(Collected data entries)
((
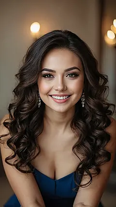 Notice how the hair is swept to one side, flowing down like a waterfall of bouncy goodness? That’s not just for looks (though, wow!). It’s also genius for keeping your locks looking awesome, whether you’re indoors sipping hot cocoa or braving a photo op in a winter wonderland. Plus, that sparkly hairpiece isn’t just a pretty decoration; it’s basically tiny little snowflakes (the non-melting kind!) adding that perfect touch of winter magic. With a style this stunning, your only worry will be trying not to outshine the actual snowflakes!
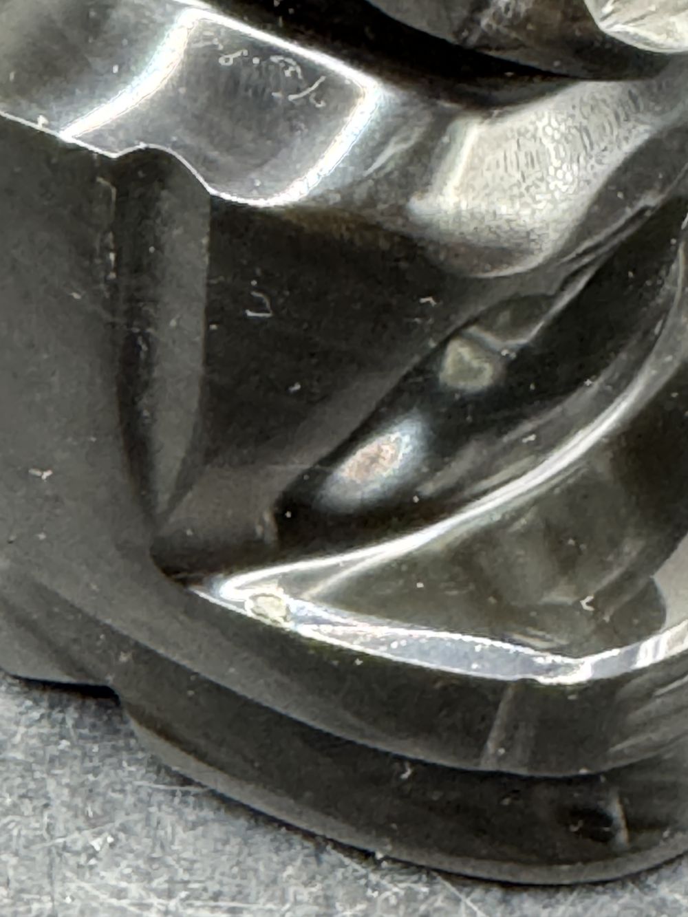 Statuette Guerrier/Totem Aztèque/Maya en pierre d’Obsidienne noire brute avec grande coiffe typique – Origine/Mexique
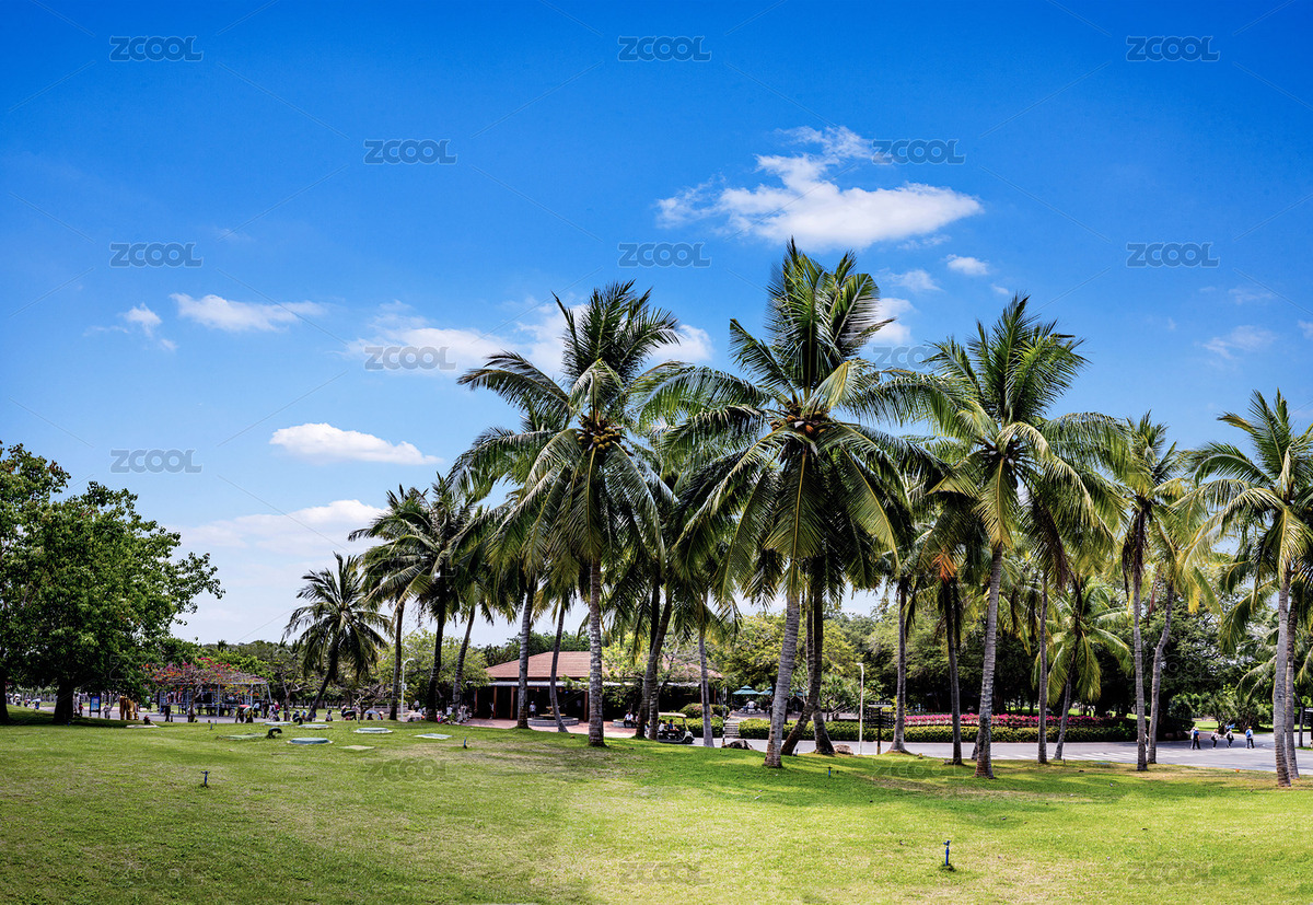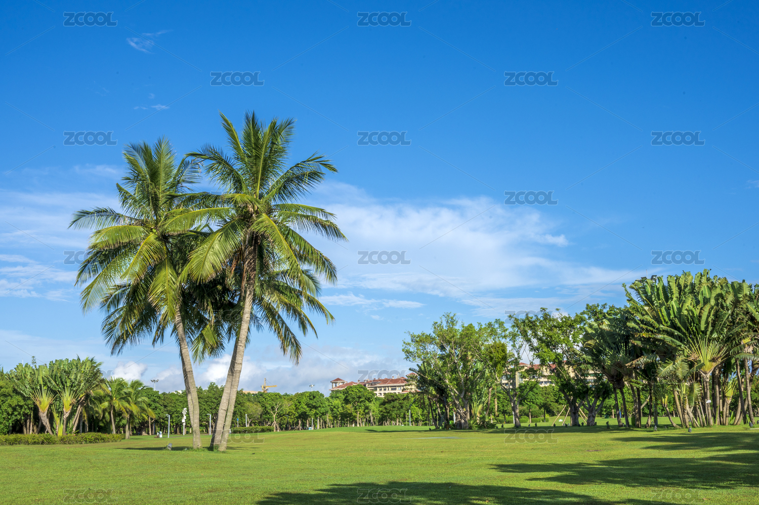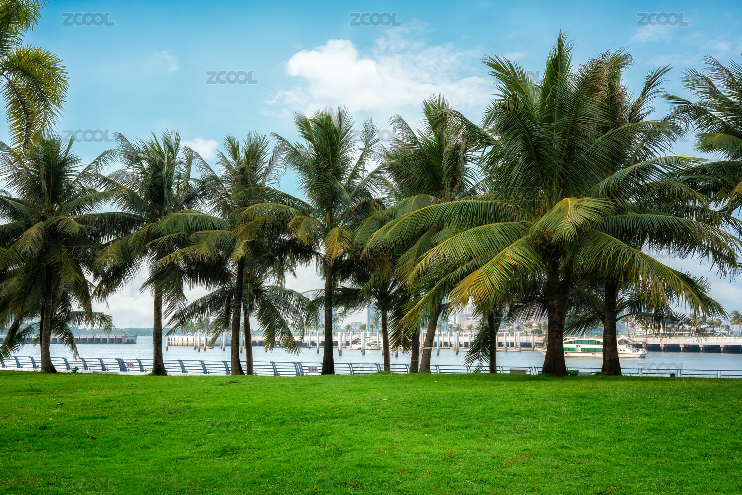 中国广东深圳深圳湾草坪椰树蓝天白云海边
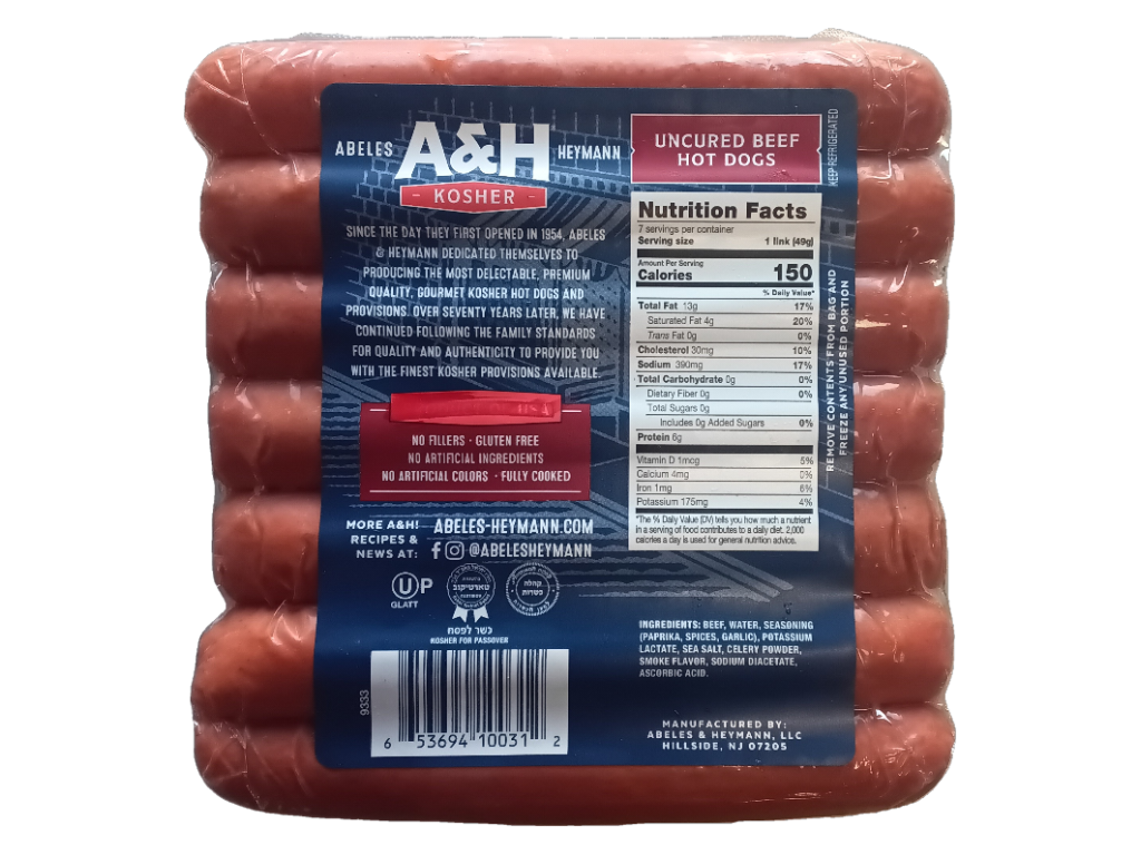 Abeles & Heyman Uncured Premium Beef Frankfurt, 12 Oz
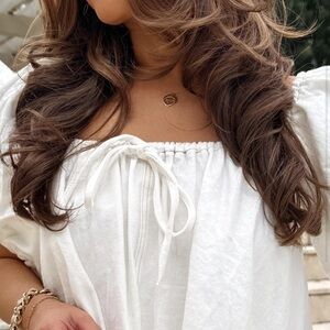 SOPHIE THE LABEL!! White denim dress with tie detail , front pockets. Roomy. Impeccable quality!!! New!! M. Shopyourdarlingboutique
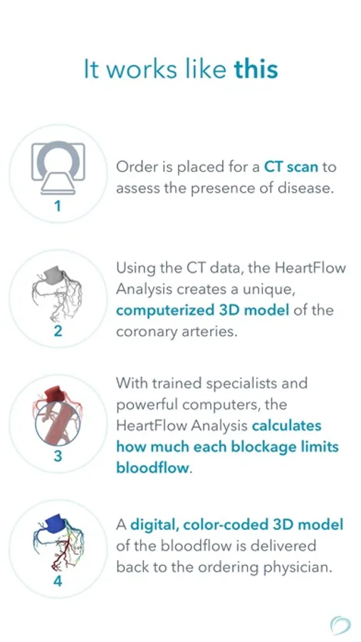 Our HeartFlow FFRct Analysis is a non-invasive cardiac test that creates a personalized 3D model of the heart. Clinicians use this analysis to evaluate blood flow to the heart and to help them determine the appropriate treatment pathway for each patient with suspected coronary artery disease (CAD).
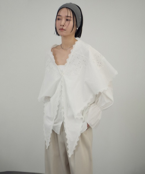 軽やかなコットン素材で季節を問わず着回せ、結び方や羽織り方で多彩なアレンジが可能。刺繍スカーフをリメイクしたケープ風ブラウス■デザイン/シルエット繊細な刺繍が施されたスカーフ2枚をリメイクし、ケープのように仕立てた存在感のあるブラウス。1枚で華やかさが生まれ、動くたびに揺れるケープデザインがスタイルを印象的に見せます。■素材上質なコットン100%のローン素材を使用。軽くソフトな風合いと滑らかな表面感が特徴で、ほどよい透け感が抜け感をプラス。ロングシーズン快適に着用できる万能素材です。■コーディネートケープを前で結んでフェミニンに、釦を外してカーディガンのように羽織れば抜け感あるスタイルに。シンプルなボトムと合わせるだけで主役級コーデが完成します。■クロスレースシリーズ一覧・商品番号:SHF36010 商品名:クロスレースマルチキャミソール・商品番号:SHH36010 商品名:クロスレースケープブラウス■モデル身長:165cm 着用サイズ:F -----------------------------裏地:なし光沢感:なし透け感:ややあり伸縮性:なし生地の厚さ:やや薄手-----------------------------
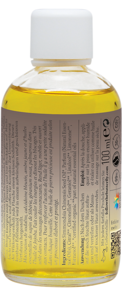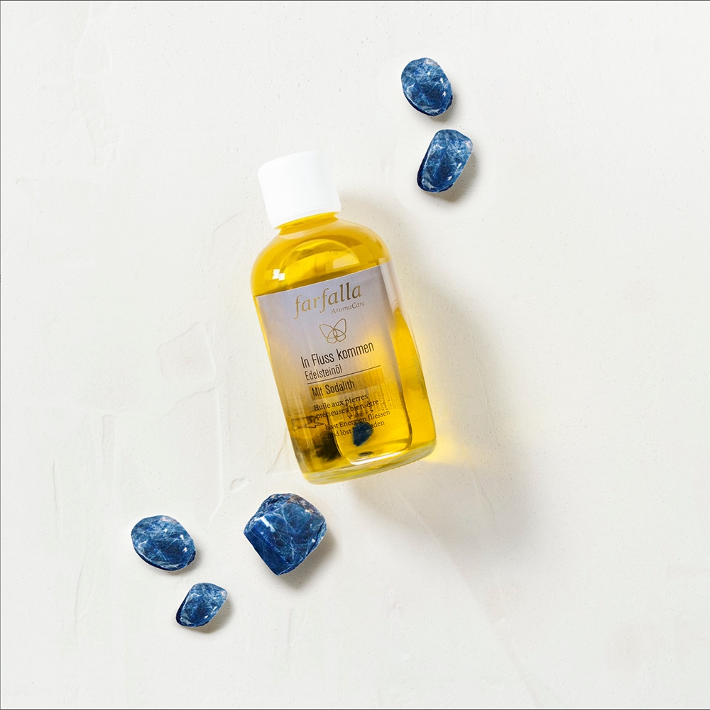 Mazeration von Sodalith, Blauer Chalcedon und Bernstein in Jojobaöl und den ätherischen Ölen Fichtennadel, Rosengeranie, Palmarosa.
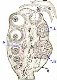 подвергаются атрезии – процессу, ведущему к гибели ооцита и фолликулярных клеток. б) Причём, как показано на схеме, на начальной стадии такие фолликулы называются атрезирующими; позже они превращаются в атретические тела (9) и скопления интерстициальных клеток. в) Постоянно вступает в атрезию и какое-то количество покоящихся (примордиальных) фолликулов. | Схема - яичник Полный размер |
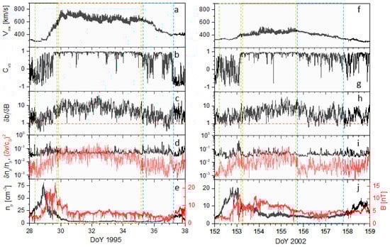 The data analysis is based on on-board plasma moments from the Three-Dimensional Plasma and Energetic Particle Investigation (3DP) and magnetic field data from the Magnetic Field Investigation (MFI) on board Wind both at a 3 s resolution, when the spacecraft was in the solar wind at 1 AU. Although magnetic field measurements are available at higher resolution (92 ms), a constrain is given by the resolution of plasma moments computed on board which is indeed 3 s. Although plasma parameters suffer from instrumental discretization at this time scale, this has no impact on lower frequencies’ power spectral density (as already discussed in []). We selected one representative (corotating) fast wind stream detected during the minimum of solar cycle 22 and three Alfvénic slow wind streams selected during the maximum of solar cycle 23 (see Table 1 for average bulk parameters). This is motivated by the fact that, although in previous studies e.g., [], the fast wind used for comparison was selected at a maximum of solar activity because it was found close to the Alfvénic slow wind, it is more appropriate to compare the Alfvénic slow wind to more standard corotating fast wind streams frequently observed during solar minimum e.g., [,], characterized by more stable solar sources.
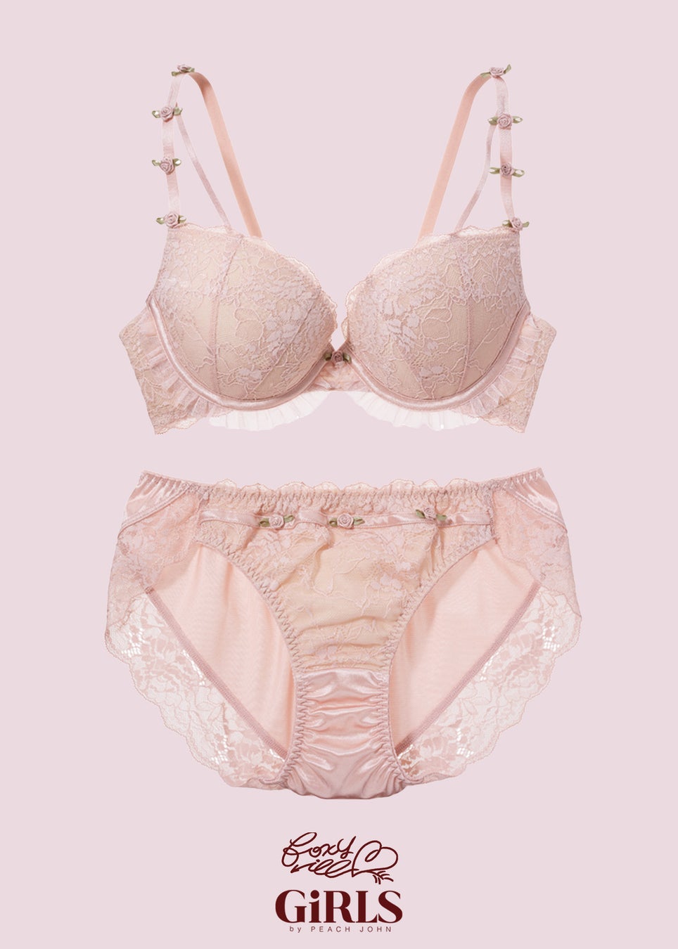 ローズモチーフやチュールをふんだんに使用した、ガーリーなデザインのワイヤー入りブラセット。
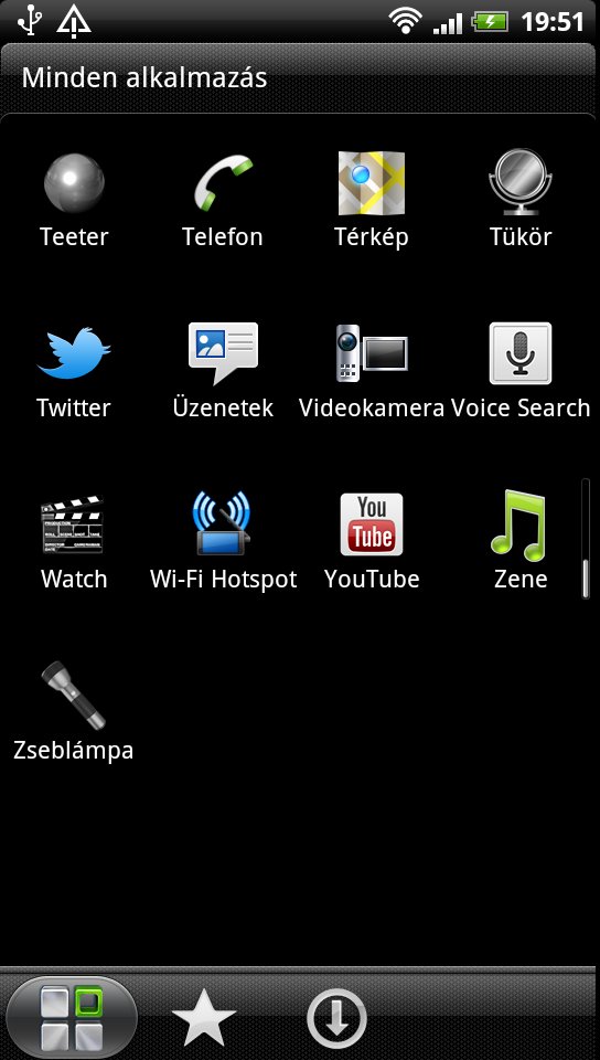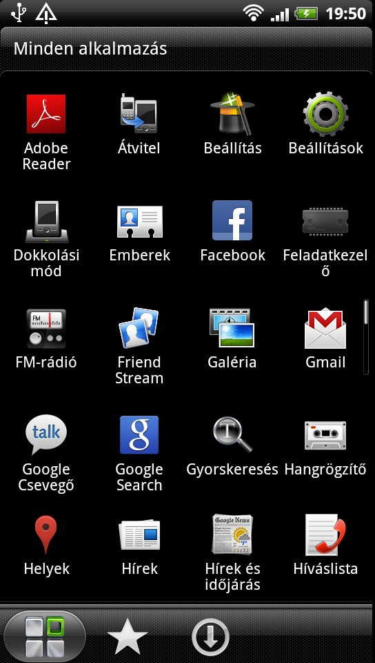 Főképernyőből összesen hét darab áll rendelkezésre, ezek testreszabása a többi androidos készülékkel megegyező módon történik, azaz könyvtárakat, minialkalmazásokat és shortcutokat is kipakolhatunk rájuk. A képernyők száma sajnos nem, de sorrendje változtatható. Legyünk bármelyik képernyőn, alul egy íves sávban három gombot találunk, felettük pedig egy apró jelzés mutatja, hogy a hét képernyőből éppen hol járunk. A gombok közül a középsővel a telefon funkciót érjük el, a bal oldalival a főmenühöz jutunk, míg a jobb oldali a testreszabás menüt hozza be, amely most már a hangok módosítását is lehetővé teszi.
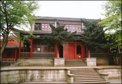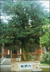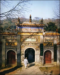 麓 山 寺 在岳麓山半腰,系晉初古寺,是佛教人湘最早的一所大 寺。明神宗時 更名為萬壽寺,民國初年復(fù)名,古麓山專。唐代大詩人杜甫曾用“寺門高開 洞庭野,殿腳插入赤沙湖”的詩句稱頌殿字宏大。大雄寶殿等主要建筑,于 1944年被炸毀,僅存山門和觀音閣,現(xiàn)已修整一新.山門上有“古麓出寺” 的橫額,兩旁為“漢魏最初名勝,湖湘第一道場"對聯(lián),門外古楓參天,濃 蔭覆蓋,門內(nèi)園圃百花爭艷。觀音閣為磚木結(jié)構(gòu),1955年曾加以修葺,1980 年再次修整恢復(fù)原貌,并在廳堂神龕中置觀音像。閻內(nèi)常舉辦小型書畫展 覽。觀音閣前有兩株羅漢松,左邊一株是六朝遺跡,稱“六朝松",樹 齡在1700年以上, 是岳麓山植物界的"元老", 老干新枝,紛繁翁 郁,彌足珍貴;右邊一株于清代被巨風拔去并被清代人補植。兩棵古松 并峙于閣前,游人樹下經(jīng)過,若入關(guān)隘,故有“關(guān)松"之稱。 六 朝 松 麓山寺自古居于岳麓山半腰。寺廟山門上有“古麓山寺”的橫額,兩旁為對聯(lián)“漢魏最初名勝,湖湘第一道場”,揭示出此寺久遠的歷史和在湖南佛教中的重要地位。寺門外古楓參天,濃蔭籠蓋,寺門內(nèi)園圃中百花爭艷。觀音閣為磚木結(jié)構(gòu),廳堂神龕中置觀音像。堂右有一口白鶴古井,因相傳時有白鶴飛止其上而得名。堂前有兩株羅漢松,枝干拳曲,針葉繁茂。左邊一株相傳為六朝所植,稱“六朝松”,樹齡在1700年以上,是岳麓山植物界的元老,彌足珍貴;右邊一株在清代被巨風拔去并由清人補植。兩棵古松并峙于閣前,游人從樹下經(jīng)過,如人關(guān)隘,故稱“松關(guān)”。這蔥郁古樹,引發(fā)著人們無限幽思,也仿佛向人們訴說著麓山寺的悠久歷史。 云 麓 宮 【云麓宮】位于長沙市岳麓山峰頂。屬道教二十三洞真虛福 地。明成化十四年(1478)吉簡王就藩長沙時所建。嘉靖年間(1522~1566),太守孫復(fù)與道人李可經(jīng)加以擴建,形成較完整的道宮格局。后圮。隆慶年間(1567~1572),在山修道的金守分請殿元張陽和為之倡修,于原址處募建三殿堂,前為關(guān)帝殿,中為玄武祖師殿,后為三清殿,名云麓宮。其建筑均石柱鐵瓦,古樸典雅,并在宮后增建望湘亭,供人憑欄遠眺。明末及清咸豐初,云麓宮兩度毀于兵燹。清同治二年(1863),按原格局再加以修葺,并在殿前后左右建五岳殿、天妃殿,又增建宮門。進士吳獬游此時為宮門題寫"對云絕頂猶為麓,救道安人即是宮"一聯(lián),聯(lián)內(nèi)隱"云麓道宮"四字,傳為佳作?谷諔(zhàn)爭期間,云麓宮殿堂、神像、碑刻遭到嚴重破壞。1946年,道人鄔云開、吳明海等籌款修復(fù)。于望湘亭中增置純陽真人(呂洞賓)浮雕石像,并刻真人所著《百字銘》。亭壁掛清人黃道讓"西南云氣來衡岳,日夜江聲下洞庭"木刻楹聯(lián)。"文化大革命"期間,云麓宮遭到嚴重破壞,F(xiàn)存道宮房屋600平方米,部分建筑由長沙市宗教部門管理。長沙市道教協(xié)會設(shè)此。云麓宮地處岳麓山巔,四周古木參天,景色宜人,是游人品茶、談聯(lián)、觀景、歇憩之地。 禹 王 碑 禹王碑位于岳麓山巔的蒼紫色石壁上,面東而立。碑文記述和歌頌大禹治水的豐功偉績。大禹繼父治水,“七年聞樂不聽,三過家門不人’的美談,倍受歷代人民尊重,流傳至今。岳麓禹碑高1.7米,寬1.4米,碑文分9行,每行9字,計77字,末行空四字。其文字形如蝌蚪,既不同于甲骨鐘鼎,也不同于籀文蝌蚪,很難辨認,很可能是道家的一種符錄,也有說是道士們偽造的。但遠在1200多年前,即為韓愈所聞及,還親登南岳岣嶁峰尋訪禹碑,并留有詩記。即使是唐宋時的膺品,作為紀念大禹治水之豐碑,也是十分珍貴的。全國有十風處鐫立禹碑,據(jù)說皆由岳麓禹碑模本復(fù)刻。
))
Look above for the line with "SOPHIE THE LABEL!!" and the line with "Our HeartFlow FFRct"; set down those two lines and all lines between them exactly, without pictures and without anything else.

**OUTPUT FOR THIS EXERCISE**.
 SOPHIE THE LABEL!! White denim dress with tie detail , front pockets. Roomy. Impeccable quality!!! New!! M. Shopyourdarlingboutique
 Our HeartFlow FFRct Analysis is a non-invasive cardiac test that creates a personalized 3D model of the heart. Clinicians use this analysis to evaluate blood flow to the heart and to help them determine the appropriate treatment pathway for each patient with suspected coronary artery disease (CAD).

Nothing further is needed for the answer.